▸ Problem to solve
Copy exactly the stretch of lines from the one holding "Food & DrinkTea/Coffee" through the last line of the data below, inclusive. Leave out pictures.

▸ Records provided
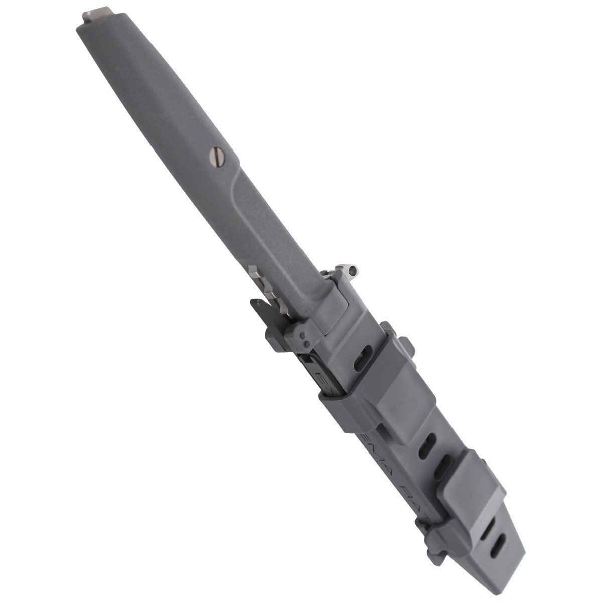 Sheath - light, made of nylon material in the color Wolf Grey. The versatile openwork Aspis holster protects the knife against falling out (latch) and makes it easier to dry the blade. The system of two adjustable multi-position clamps enables quick attachment of the sheath to M.O.L.L.E.
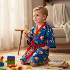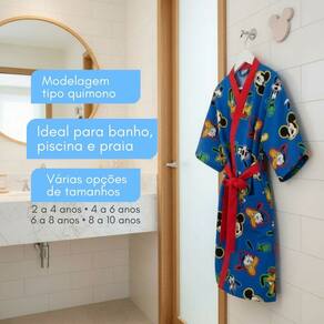 Com modelagem tipo quimono e disponível em vários tamanhos infantis, é a escolha perfeita para unir conforto, diversão e estilo, deixando a rotina dos pequenos ainda mais alegre.
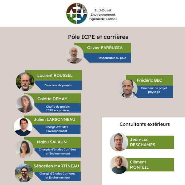 - Olivier Farrugia : Président du groupe et Responsable des pôles Travaux et ICPE & Carrières (SOE Ingénierie Conseil).
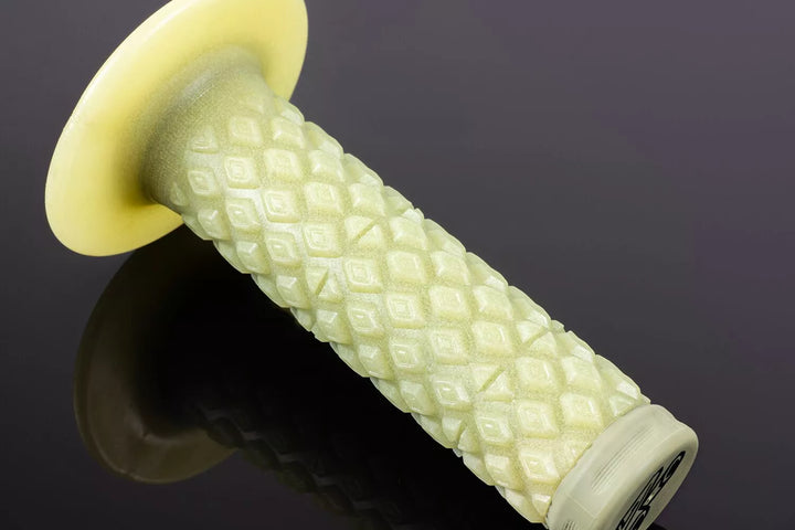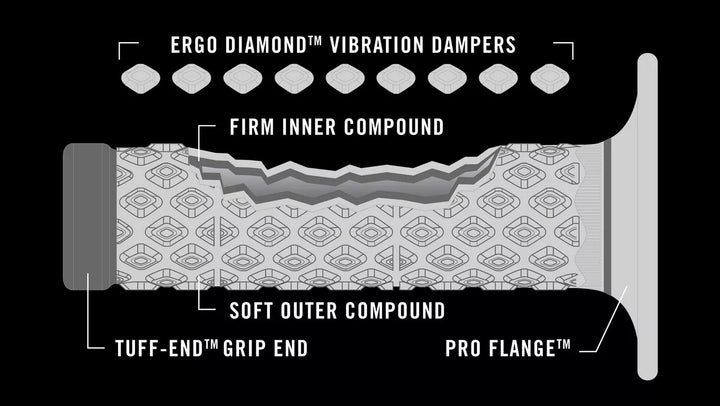 Ergo Diamond ™ Vibration Dampers, Soft Outer Compound and Firm Inner Compound, Tuff-end ™ Grip End, Pro Flange Created to Reduce Inboard Thumb Abrasion Based on Extensive Rider Feedback
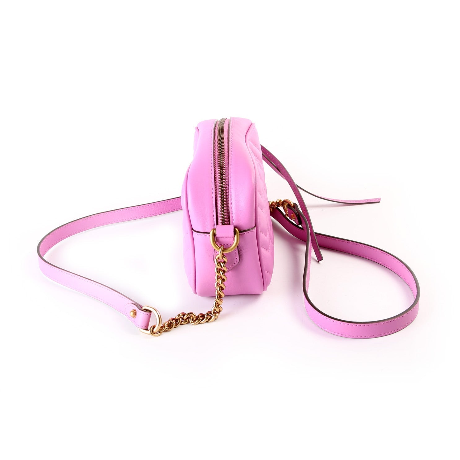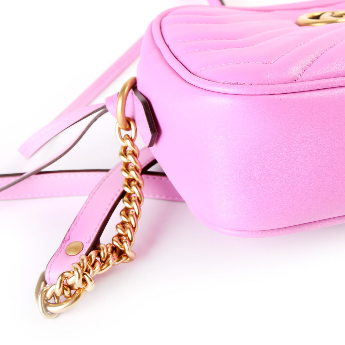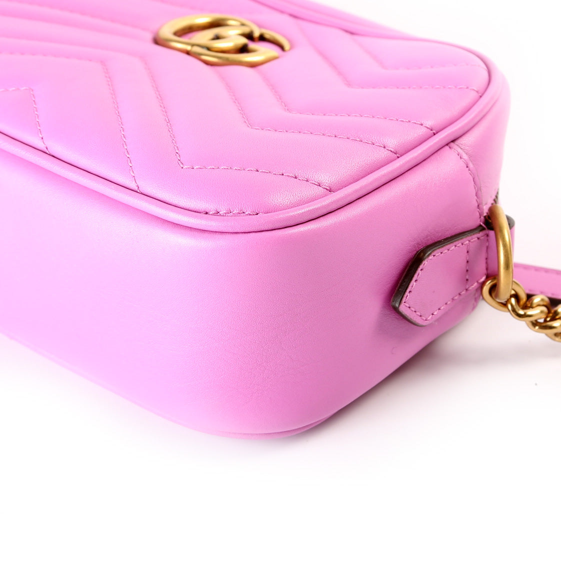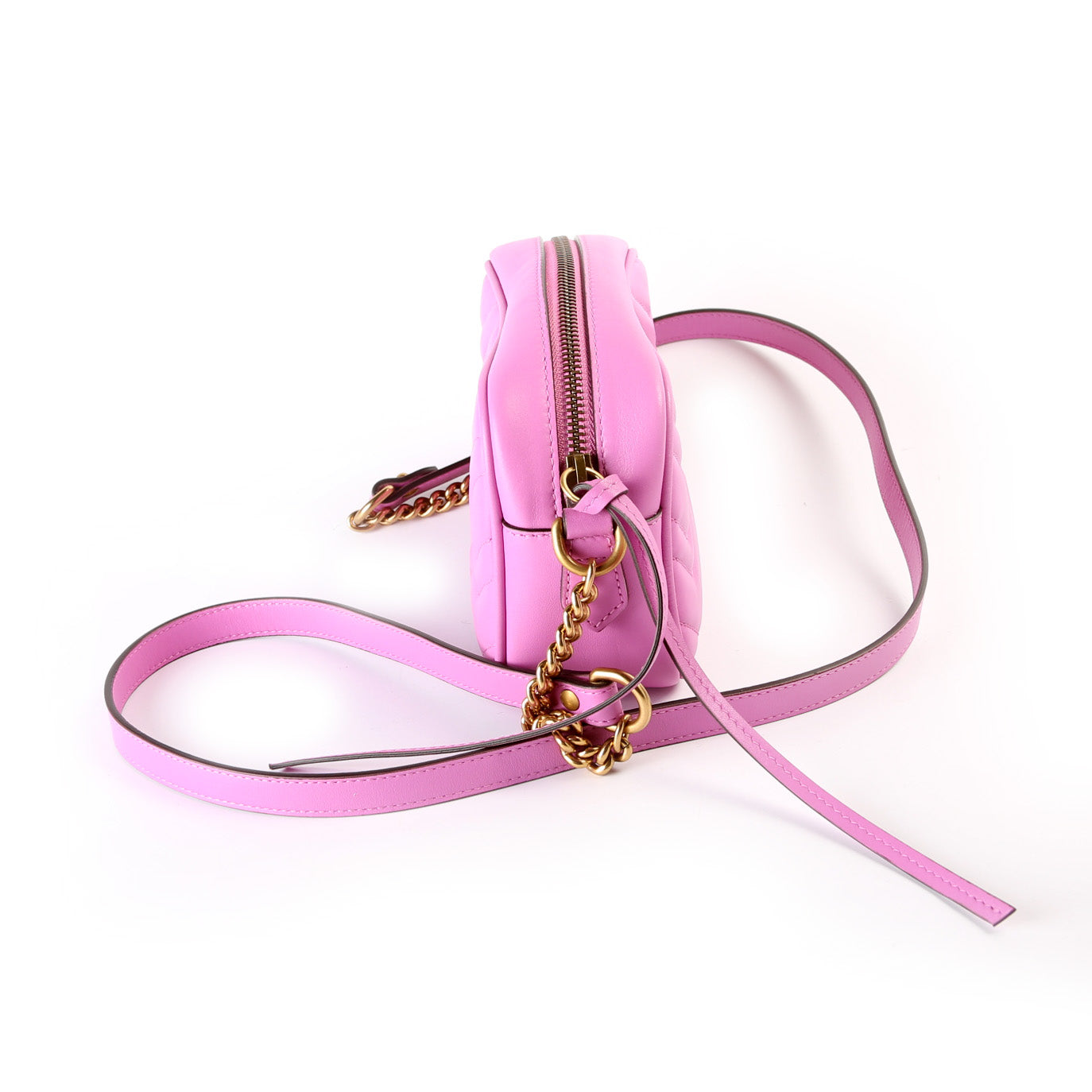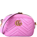 This Marmont Mini Camera Bagis eye catching bag. The exterior is in the classic Gucci Marmont leather.
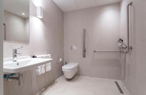 Food & DrinkTea/Coffee makerBathroomHairdryer, Walk-in shower, Private bathroom, Towels, Toilet paper, ShowerGeneralAir conditioning, Ironing facilities, Heating, Safe, Smoke Alarm, IronMedia & TechnologyFlat-screen TV, TVOutdoorsBalconyKitchenCoffee machine, Refrigerator, Electric kettle, KitchenLiving AreaSitting area, Sofa, DeskViewCity view, ViewBedroomLinensAccessibilityAdapted bath, Upper floors accessible by stairs only, Toilet with grab rails, Raised toilet, Entire unit wheelchair accessible, Lower sink, Roll-in shower, Hearing accessible, Upper floors accessible by elevator, Accessible by elevatorRoom AmenitiesSofa bed |
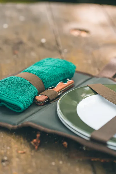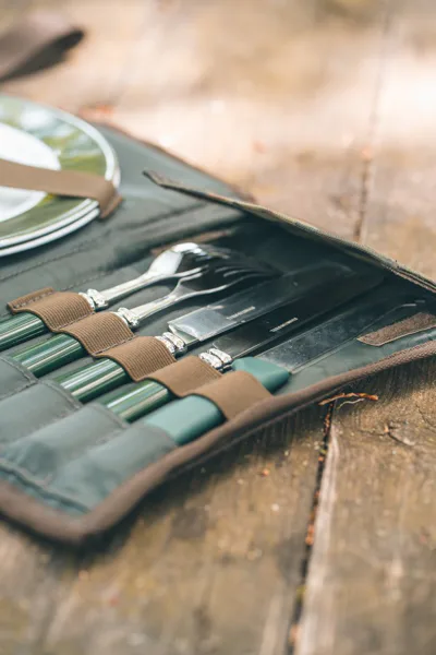 Součástí sady je polstrovaný obal, dva plastové talíře, dvě vidličky, dva nože, jeden nůž na maso nebo ovoce, multifunkční nožík s vývrtkou na otevírání láhví a konzerv a jeden malý ručník, takže máte k dispozici vše potřebné pro plnohodnotné stolování. Vše je prakticky uspořádané a chráněné, aby vybavení zůstalo čisté a připravené k použití.
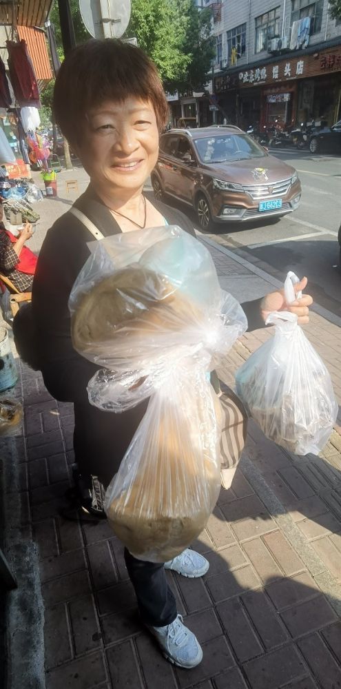 说是买一斤,沙奶奶不断的加料,快2斤了。没有支付宝,现金买单也OK。人民币,谁敢不收?哈哈。

▸ Solution to this problem
 Food & DrinkTea/Coffee makerBathroomHairdryer, Walk-in shower, Private bathroom, Towels, Toilet paper, ShowerGeneralAir conditioning, Ironing facilities, Heating, Safe, Smoke Alarm, IronMedia & TechnologyFlat-screen TV, TVOutdoorsBalconyKitchenCoffee machine, Refrigerator, Electric kettle, KitchenLiving AreaSitting area, Sofa, DeskViewCity view, ViewBedroomLinensAccessibilityAdapted bath, Upper floors accessible by stairs only, Toilet with grab rails, Raised toilet, Entire unit wheelchair accessible, Lower sink, Roll-in shower, Hearing accessible, Upper floors accessible by elevator, Accessible by elevatorRoom AmenitiesSofa bed |
 Součástí sady je polstrovaný obal, dva plastové talíře, dvě vidličky, dva nože, jeden nůž na maso nebo ovoce, multifunkční nožík s vývrtkou na otevírání láhví a konzerv a jeden malý ručník, takže máte k dispozici vše potřebné pro plnohodnotné stolování. Vše je prakticky uspořádané a chráněné, aby vybavení zůstalo čisté a připravené k použití.
 说是买一斤,沙奶奶不断的加料,快2斤了。没有支付宝,现金买单也OK。人民币,谁敢不收?哈哈。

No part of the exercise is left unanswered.